(EXTRACTED RECORDS):
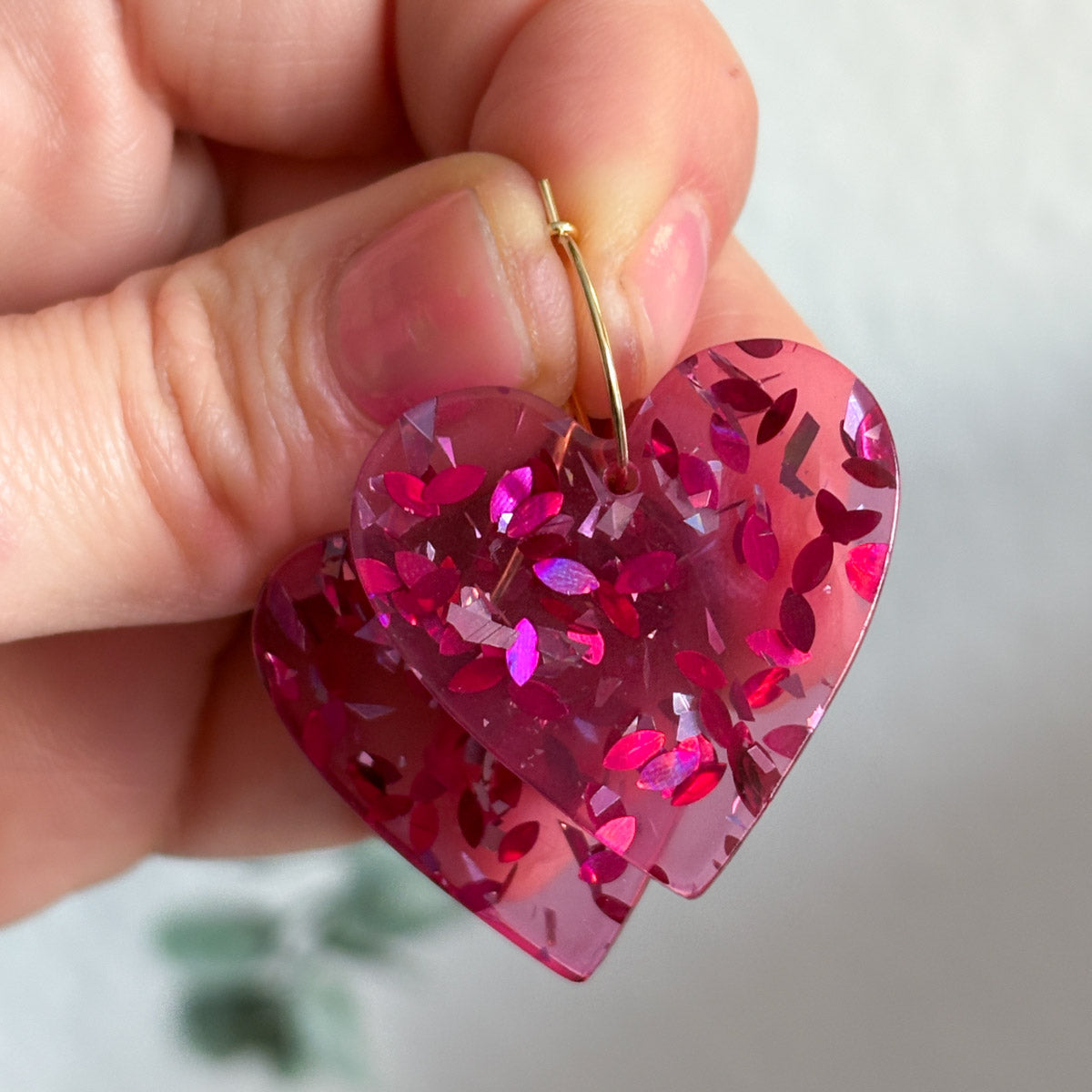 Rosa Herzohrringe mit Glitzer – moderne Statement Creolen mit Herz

==

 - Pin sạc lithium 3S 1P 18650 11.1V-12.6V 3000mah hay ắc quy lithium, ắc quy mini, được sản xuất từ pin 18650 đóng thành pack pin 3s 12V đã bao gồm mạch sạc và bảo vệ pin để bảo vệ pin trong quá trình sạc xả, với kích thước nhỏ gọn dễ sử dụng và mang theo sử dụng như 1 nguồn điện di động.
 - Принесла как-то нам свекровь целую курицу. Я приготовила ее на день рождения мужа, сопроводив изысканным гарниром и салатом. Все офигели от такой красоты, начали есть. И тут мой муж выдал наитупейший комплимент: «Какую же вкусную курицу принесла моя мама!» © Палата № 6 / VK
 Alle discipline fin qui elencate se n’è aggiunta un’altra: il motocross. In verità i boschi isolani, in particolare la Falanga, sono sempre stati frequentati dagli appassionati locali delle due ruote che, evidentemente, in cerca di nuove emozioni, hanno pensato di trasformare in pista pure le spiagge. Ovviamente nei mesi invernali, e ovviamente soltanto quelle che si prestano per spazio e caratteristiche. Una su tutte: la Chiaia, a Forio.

(EXERCISE DESCRIPTION): Copy out only the lines above from the one with "- Принесла как-то" to the one with "Alle discipline fin", inclusive, exactly as they stand.

(PROBLEM SOLUTION):
 - Принесла как-то нам свекровь целую курицу. Я приготовила ее на день рождения мужа, сопроводив изысканным гарниром и салатом. Все офигели от такой красоты, начали есть. И тут мой муж выдал наитупейший комплимент: «Какую же вкусную курицу принесла моя мама!» © Палата № 6 / VK
 Alle discipline fin qui elencate se n’è aggiunta un’altra: il motocross. In verità i boschi isolani, in particolare la Falanga, sono sempre stati frequentati dagli appassionati locali delle due ruote che, evidentemente, in cerca di nuove emozioni, hanno pensato di trasformare in pista pure le spiagge. Ovviamente nei mesi invernali, e ovviamente soltanto quelle che si prestano per spazio e caratteristiche. Una su tutte: la Chiaia, a Forio.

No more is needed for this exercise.